Altruist has new funding to fuel its rapid growth as a competitor in the independent advisor custody business.
The Los Angeles-based firm announced a $112 million Series D round of funding led by Insight Partners and Adams Street Partners. In addition to a previously undisclosed $110 million round in November 2021, led by Declaration Partners, Altruist has raised a total of $290 million.
Big names in the advisor industry also invested, including former Vanguard CEO Bill McNabb, Carson Group founder and CEO Ron Carson, and Mariner Wealth president and CEO Marty Bicknell.
The fundraising comes less than a month after Altruist's purchase of Shareholders Service Group, a brokerage and custodial platform, which brought 1,600 registered investment advisors to Altruist.
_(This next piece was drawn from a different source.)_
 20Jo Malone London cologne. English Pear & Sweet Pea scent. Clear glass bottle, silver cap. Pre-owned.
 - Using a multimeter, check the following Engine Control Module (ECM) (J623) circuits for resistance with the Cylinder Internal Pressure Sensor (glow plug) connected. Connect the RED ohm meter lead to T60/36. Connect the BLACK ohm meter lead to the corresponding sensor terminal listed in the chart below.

The deal pushed the total number of RIAs doing business with Altruist past 3,000, making it the third-largest custodian, behind Fidelity and Schwab, in terms of number of firms served, according to CEO Jason Wenk.
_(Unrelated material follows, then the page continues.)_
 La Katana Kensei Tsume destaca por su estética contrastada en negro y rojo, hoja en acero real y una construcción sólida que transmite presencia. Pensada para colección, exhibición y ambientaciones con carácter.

Altruist has its sights on putting even more pressure on the current market leaders. The new funds will be used to make Altruist accessible to a greater number of RIAs, including firms that manage between $100 million and $1 billion,
“While the RIA industry has evolved rapidly over the past 20 years, the custodians serving them have not,” Wenk said in a statement. “Legacy custodians have little incentive to innovate and rebuild technology that would enable advisors to scale and reach as many people as possible.”
Fidelity's commitment to innovation, especially around technology and digitization, is what helped Fidelity grow into a market leader in clearing and custody, according to a Fidelity spokesperson.
"Fidelity’s private ownership also gives the company the independence to invest in areas that serve the best interest of customers instead of shareholders. This includes our consultative, personalized approach to provide advisors of all sizes and complexities with exceptional support," the spokesperson said in an email.
Charles Schwab is publicly traded, while Altruist is backed by venture capital and private equity.
In March, Altruist cut ties with Apex Fintech, which had provided custody and clearing services to Altruist for three years, to launch its own brokerage operation. The company’s pitch to RIAs is that it’s the first company to combine clearing, custody and an all-in-one technology suite that’s built on top of a modern digital infrastructure.
“A vertically integrated platform that puts clearing and custody at the core is a game changer for advisors,” Jon Rosenbaum, managing director at Insight Partners, said in a statement. “It’s a deeply technical problem at every level that the team has solved with an intuitive user experience that’s unlike anything the RIA industry has ever seen.”
Altruist also vows that it will focus exclusively on RIAs rather than go directly to retail investors, as Schwab and Fidelity both do.
Schwab has strict policies and guardrails in place to avoid intentionally or inadvertently competing with any RIAs, said Joe Giannone, director of communications at Schwab Advisor Services.
"Specifically, we don’t contact or provide recommendations to advisors’ clients, nor will we market advisory services to the clients of RIAs," Giannone said in a statement. "We’ve also made clear that if an advisor ever feels we’re approaching a prospect they are pursuing, Schwab will stand down."
For venture capital and private equity investors, backing Altruist is a chance to tap into an RIA industry that managed $128.4 trillion at the end of 2022, according to the Investment Adviser Association, and is growing rapidly, with more than 3,000 new firms launching annually, according to RIA Channel. By offering a more efficient alternative for custody and clearing, Altruist says it can make RIAs affordable to a greater number of Americans.
“We’re incredibly bullish on Altruist and the RIA market more broadly,” Brian Stern, partner and co-head of growth equity at Declaration Partners, said in a statement. “I have seen few investment opportunities in my career to back a team with this level of domain expertise and depth of vision, and applied to such a significant and compelling market need.”
Wenk says his company nearly tripled its total assets under management in 2022 and grew revenue by 1,700% year over year. The company expects to reach profitability this calendar year.
[Editor's note: This story was updated to include a comment from Schwab Advisor Services.]